The client’s apartment was in a good neighbourhood of a beautiful city—a city where life blooms in the mornings and music fills the air in orange-lit pubs in the evenings.
"May I come in?" asked Jill.
"Yes, yes, of course, I’ve been waiting for you," replied a beautiful lady.
"It’s so dark in your apartment," Jill remarked. "May I open the curtains?"
"Oh, dear, I’m allergic to sunlight. Just open the one furthest away," replied the beautiful lady.
"Oh, I understand you completely," replied Jill, "I’m rather exhausted by the darkness."
And Jill began cleaning. The apartment wasn’t dirty, but it was filled with paintings, books, and souvenirs from various countries. "Excuse me, madam. You must travel a lot?"
"Oh, I've been spending my time in sanatoriums. But this year, I decided to stop. Travelling exhausts me—it gives me such terrible headaches that I lose my hair and I constantly feel either too hot or too cold."
"Oh, that’s nothing," replied Jill with interest. "I’m worse off—I feel hot and cold at the same time, just because I don’t travel at all.
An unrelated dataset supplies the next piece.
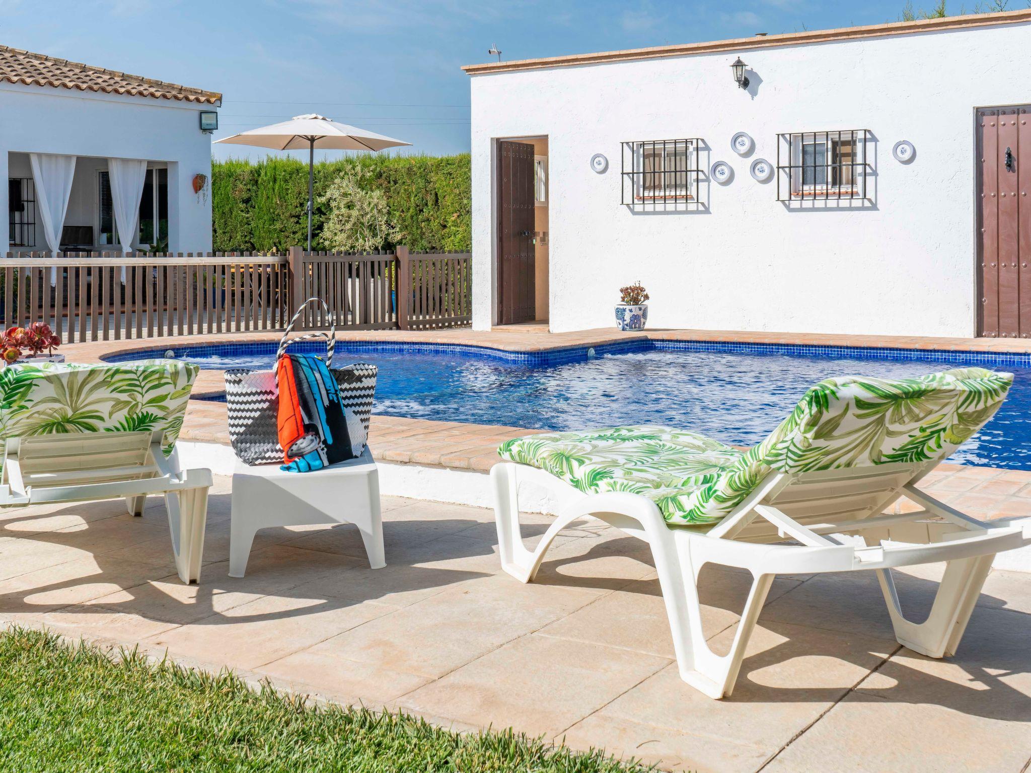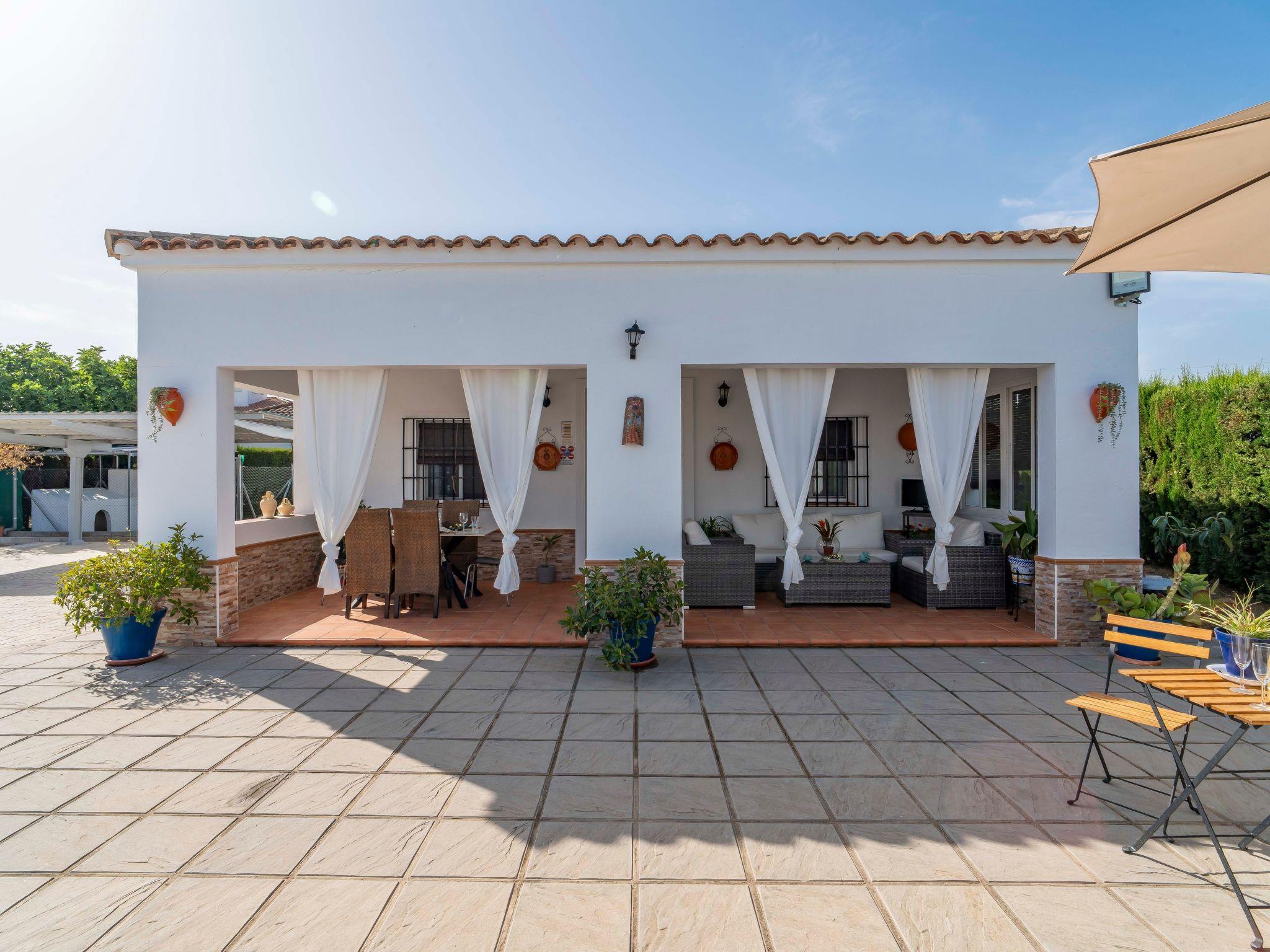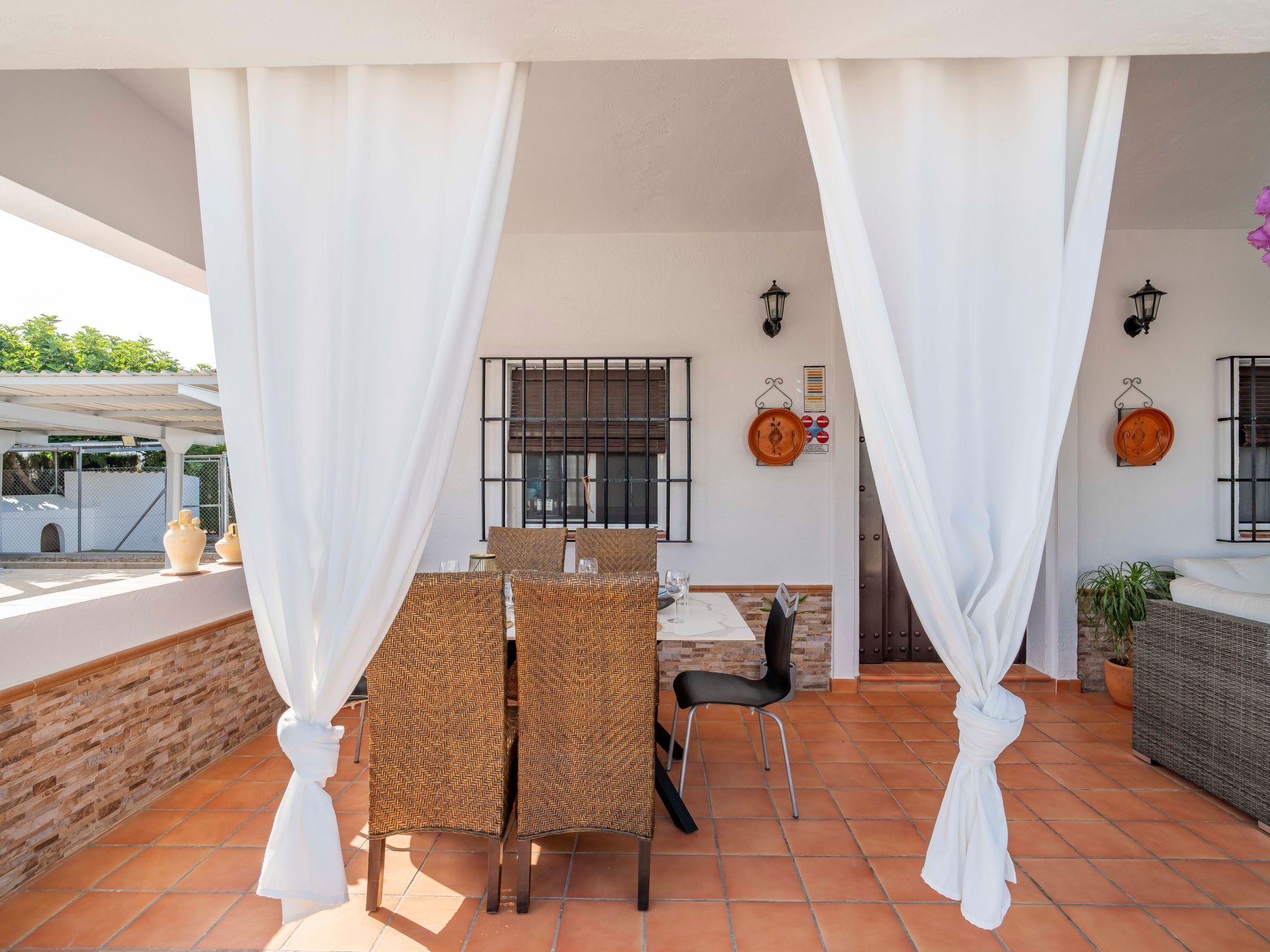 Porch 28 m2 house facing the pool with table and outdoor lounge with tv 32?.

I’ve been working without a single day off."
"Oh," the beautiful lady replied, "when I was not as sick, I worked without a single day off, even if my eyes ached terribly."
"You have so many paintings. I wish I had paintings too, I'd hang them in my shabby, cold, and ugly apartment, to cherish poor and sick me," sighed Jill.
"Oh, darling, it's all just a cover. I'm too miserable and even more mentally ill. They were all gifts from my late husband. You know, I’m a threetimes widow. My latest husband passed away so quietly for everyone else, but it was so noticeable for me—it felt like I had wept three oceans dry."
Jill dusted off the books. “Good books!” she called out from the library, hoping the beautiful lady in the other room would hear her.
"Oh, that book you picked up, Jack London. A wonderful author. I read him when I broke my leg."
“So you like reading?” Jill asked.
"Oh, no, I can’t anymore. I’ve gone nearly blind because of the noisy city,"replied the lady.
"I understand you completely. But for me, it’s just exhaustion, and when I read, I hear voices in my head. The doctors say it’s normal, but they tire me out," Jill lamented.
"The doctors?" The beautiful lady inquired.
"No, the voices in my head when I read. They distract me," Jill sighed sorrowfully.
"Oh, that’s a serious case," said the beautiful lady.
The cleaning ended before it had even begun. The sickest and unluckiest women discussed their illnesses, measuring and savouring every sigh, lamenting their lives.
When the door finally closed, “Hypochondriac,” muttered the beautiful lady.
“Delusional,” thought Jill.
"Good thing I’m not like her," both thought to themselves and went on with their illnesses.